Судьба Алексея Ялового - Лев Якименко
Шрифт:
Интервал:
Закладка:
Видел я его с Инкой. Этакий неловкий, заботливо нахохленный петушок. Портфель вздумал ее таскать. Тетради достает, ручку приготовит. В буфете чай, бутерброды доставляет. Кормит барышню за счет своего обеда. А она, царевна, за столиком сидит, ждет. Сама скуластая, узкоглазая. Волосы отпустила до плеч. Глаза, правда, ничего. Дегтярно-черные, с влажным блеском. Шельмоватые глаза пробивной девчонки. Так и постреливает ими по сторонам. И одевается… Пестро, ярко, броско. А чего ей, папа — полковник. Квартира в Москве. И папочка и мамочка рядом. Не видел я в этой Инке ничего доброго для Виктора. По моим понятиям, уж очень разные они были.
— Вот загадка, — Виктор улыбнулся, повернулся ко мне. И такое просветленное страдание, такая нежность были в его голосе, когда он говорил об Инке. — Чужой человек, а становится тебе роднее родного. Дотронусь до ее руки, коснусь плечом — и радость мне на весь день. На катке, когда мы рядом, рука в руке, несешься, и только лед под коньками взвизгивает. Музыка, кружатся, несутся пары. Она упала, я отряхивал ее, поправлял шарф. Лицо к лицу. Чуть дрогнули губы ее. Меня рвануло, я притянул ее, а она легонько отстранилась и головой так спокойненько качнула: «Э-э, нет!» И я начал догадываться, что у нее совсем другое, чем у меня, — Виктор трудно передохнул. Потвердевшим, построжавшим голосом продолжал: — Словом, понял, что она не любит меня. То есть не так, — страдальчески заторопился он. — Это слишком грубо. Я даже сейчас не могу определенно сказать, как она относится ко мне…

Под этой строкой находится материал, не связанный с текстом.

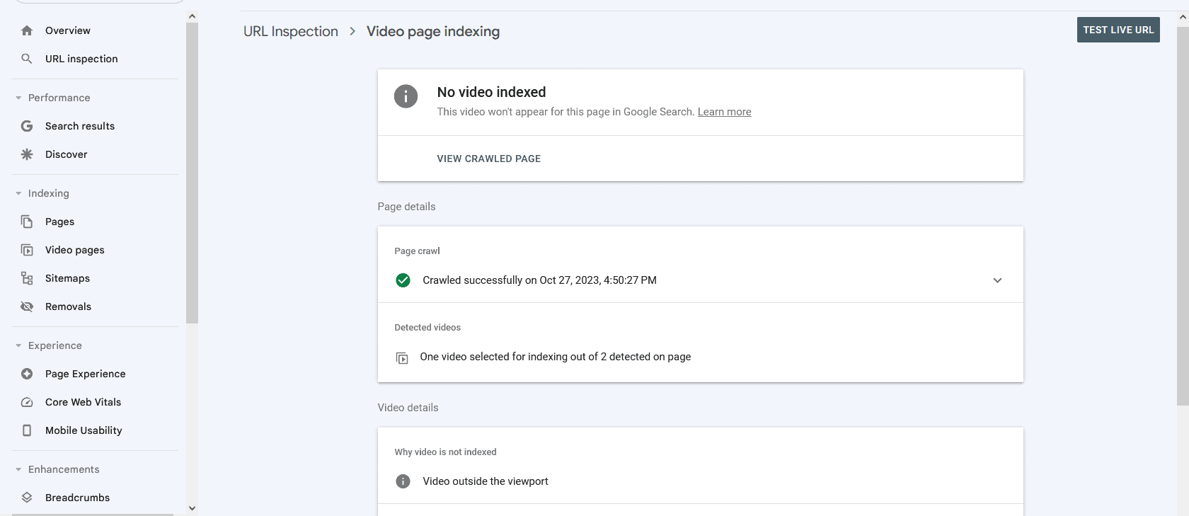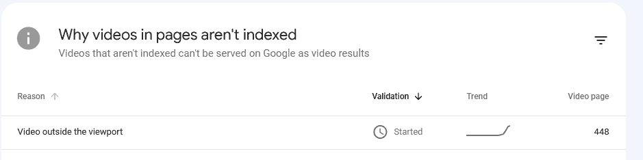 “The video must appear in the viewport when loading the page to be considered for indexing. Move the video so that the entire video is inside the renderable area of the page and seen when the page loads.
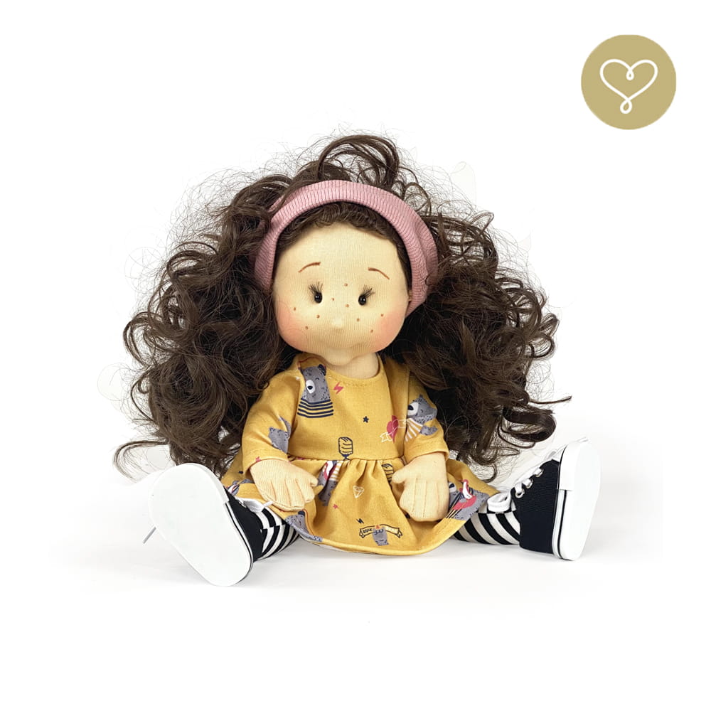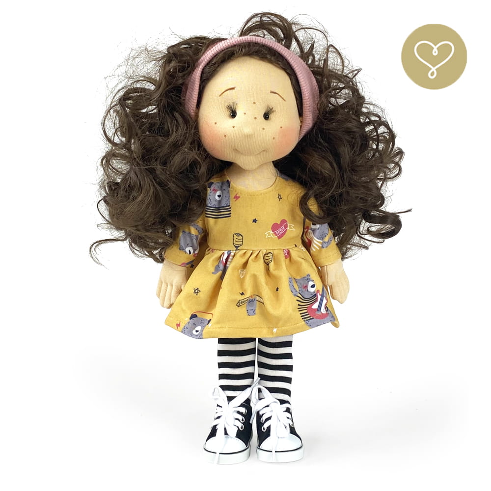 Die Liebe zum Detail und größte Sorgfalt steckt in jeder Faser dieser Puppe. Sie ist 40 cm groß, weich und sehr angenehm. Trotz dem Verzicht auf Drähte oder andere stabilisierende Elemente, kann eine LulluDoll selbstständig stehen und sitzen. Ihr Kopf und die Gliedmaßen sind beweglich. Das weiche Haar fühlt sich nahezu echt an, es lässt sich wunderbar frisieren und hat eine gute Kämmbarkeit. Die Materialien werden sorgsam ausgewählt, sind von höchster Qualität und Strapazierfähigkeit, weil die Sicherheit unerer Artikel höchste Priorität hat. Die Kleidung lässt sich leicht an- und umziehen. Im Shop unter dem Punkt Kleidung finden Sie weitere Kleidungsstücke im Angebot.

Я слушал его и жалел. Вот тебе и сильный человек. «Все вынесу…» А боится правды.
— Я поговорил с ней. Я не хотел ее ответа. Она сказала: «Ты мой товарищ, больше я ничего не могу тебе сейчас сказать». Тогда я ей сказал: «Я больше чем товарищ. Я верный твой человек. Я буду ждать, сколько ты захочешь. Год, два. Пять лет. Семь… Когда бы ты ни позвала, я приду к тебе. Ты помни об этом. И когда почувствуешь, что я тебе нужен, позови». После этого разговора я заметил, она начала избегать меня. Все норовит сторонкой обойти.
А может, мать настроила ее. Инка меня как-то в гости позвала. Оттепель была, грязь. Я в сапогах. Калош у меня никогда не было. У них все блестит, пол прямо горит, ковер под столом. Я вытирал, вытирал, а следы все-таки оставил. Мать, такая полная дама, в пенсне, в роскошном теплом цветастом халате, оглядела меня, словно приценилась. Вижу, не понравился, не подошел. Неказистый, одет черт-те по-каковски. Будто с поезда с времен гражданской войны вывалился. Может, после этого…
Я смотрю на часы.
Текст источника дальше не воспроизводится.